Microsoft's Cloud Adoption Framework puts it directly: "Don't assume role separation requires multiple agents. Distinct roles might suggest multiple agents, but they don't automatically justify a multi-agent architecture."

Multi-agent earns its pain when:

  • Objectives genuinely conflict. An agent told to "argue for" and "argue against" in the same prompt produces mediocre output at both. A generator and a critic need to be separate, or the critic pulls its punches.

  • Information must be isolated. If Agent A seeing Agent B's work would bias the result, they can't share a context window. Advocate/skeptic. Blind peer review.

  • Different models serve different roles. Cheap fast model for research, expensive capable model for synthesis. One agent means one model.

  • Tasks should run in parallel. Two independent research tasks running concurrently as separate agents is genuinely faster than one agent doing them sequentially.
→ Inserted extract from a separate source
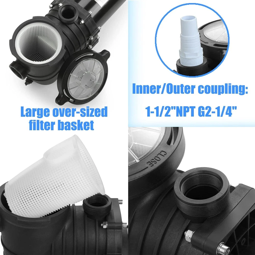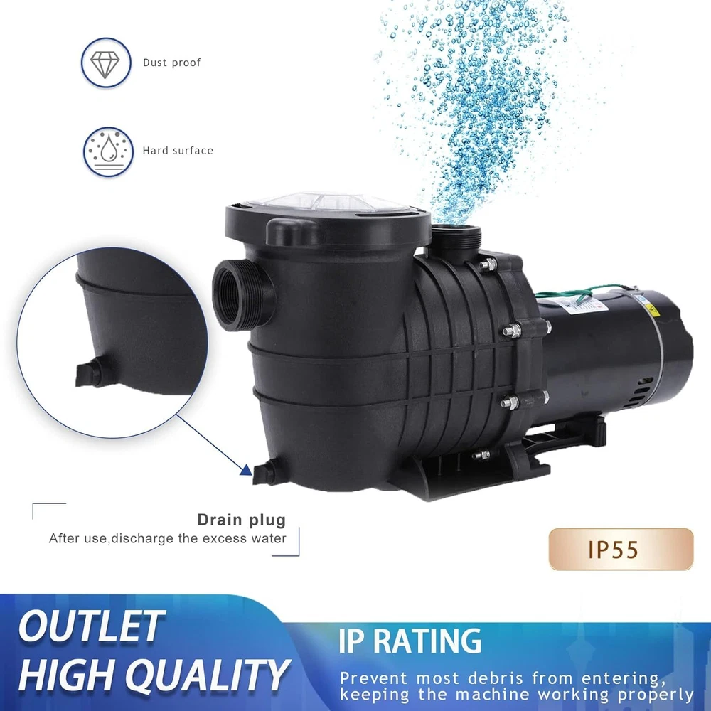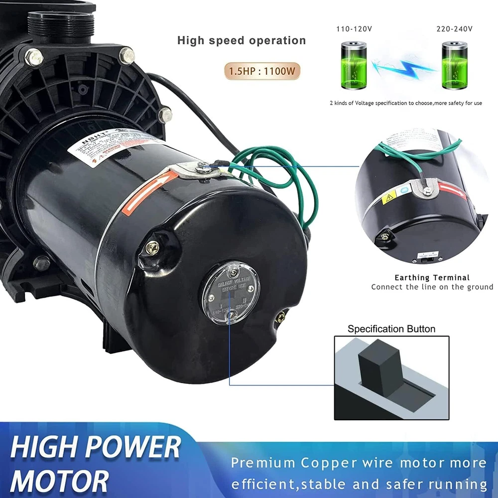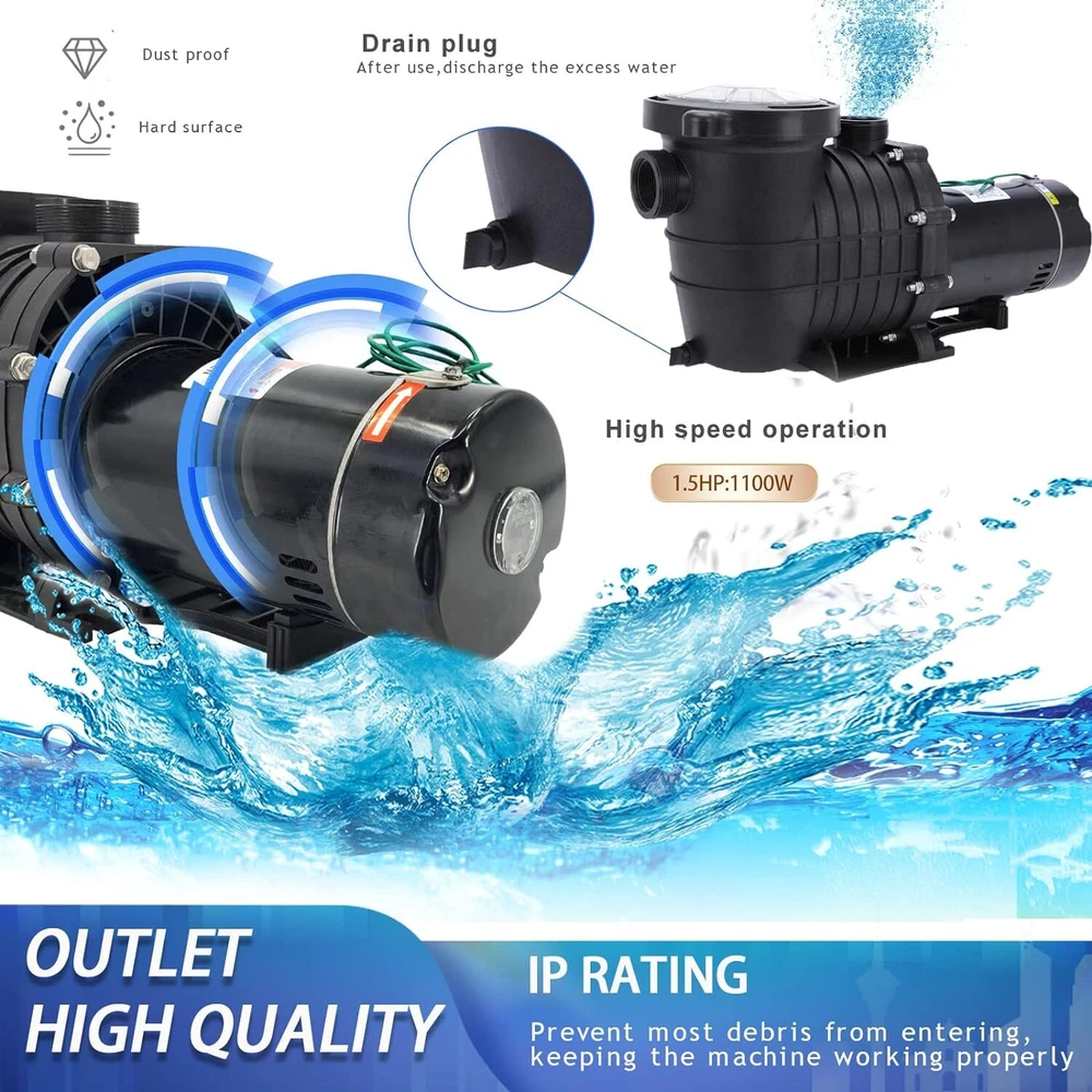Always pay attention before use!!! 1.Before use, please adjust to the corresponding voltage for home use, and then fill the water pump with water before using it, otherwise the motor will be damaged. 2.When adjusting the voltage, be sure to adjust after turning off the power. Otherwise the motor will be damaged. Product description: This swimming pool pump is made with heavy-duty, corrosion-proof construction. The stainless steel motor shaft is constructed with a reinforced thermoplastic body for longer life and durability. Advanced engineering provides high efficiency and minimal noise. This wonderful swimming pool pump will surely keep your above ground and inground pools clean. Please connect only to a grounding type receptacle protected by a ground-fault circuit-interrupter (GFCI). To reduce the risk of electric shock, install at least 10 feet from the inside walls of a pool. Do not use an extension cord. This pump is for use with permanently installed pools only-Do not use with storable pools. Features: Durable Corrosion -Stainless Steel 1.5 HP Shaft, the shaft is constructed with a reinforced thermoplastic body for longer life and durability.The sand filter is made of PPGF30 + PC, 100% drip proof, effective insulation and protection against pool chemicals, heat-resistant double-sized seal for long motor life. POOL PUMP -This self-priming heavy-duty pump delivers outstanding performance and reliability at a fantastic price and costs less than big name brands. The mighty force of this pump makes it efficient and an economical choice. Convenient - Large over-sized filter basket for less frequent maintanence and emptying of debris.It provides the efficient and easy usage, simple installation and operating system that will keep pool water crystal clear and sparkling. UL Certified - This Swimming Pool Pump has a UL Certification to ensure recognized Standards for Safety. Specifications: Style: Modern Type: Swimming Pool Pump Color: Black Motor Shaft Material: Stainless Steel Pump Housing Material: PPGF30 + PC (anti-Oxident) Rated Power: 1100W/1.5HP Voltage:110-120V/220-240V 60Hz Max Flowrate: 410L/min UL Approval: Yes Inner/Outer coupling: 1-1/2''NPT G2-1/4'' Package Content: 1 x Water Pump 2 x 1-1 / 2''NPT Inner coupling 2 x 48.5mm Inner coupling 1 x Manual

  • Security boundaries require separation. The agent reading user PII shouldn't have database write access.

If your use case doesn't hit at least two of these, start with a single agent and save yourself the debugging pain I'm about to describe.

Common multi-agent architecture patterns

Each pattern produces a different trace shape and breaks in its own way.

Orchestrator / Worker

One agent routes tasks to specialists. This is the most common pattern in the OpenAI Agents SDK, LangGraph, and custom implementations.

Click to Copy
POST /api/research (http.server)
└── gen_ai.invoke_agent "Research Director"
    ├── gen_ai.request "chat gpt-5.4"                         ← plan subtasks
    ├── gen_ai.execute_tool "delegate_research"
    │   └── gen_ai.invoke_agent "Web Research Agent"
    │       ├── gen_ai.request "chat gpt-5.4-mini"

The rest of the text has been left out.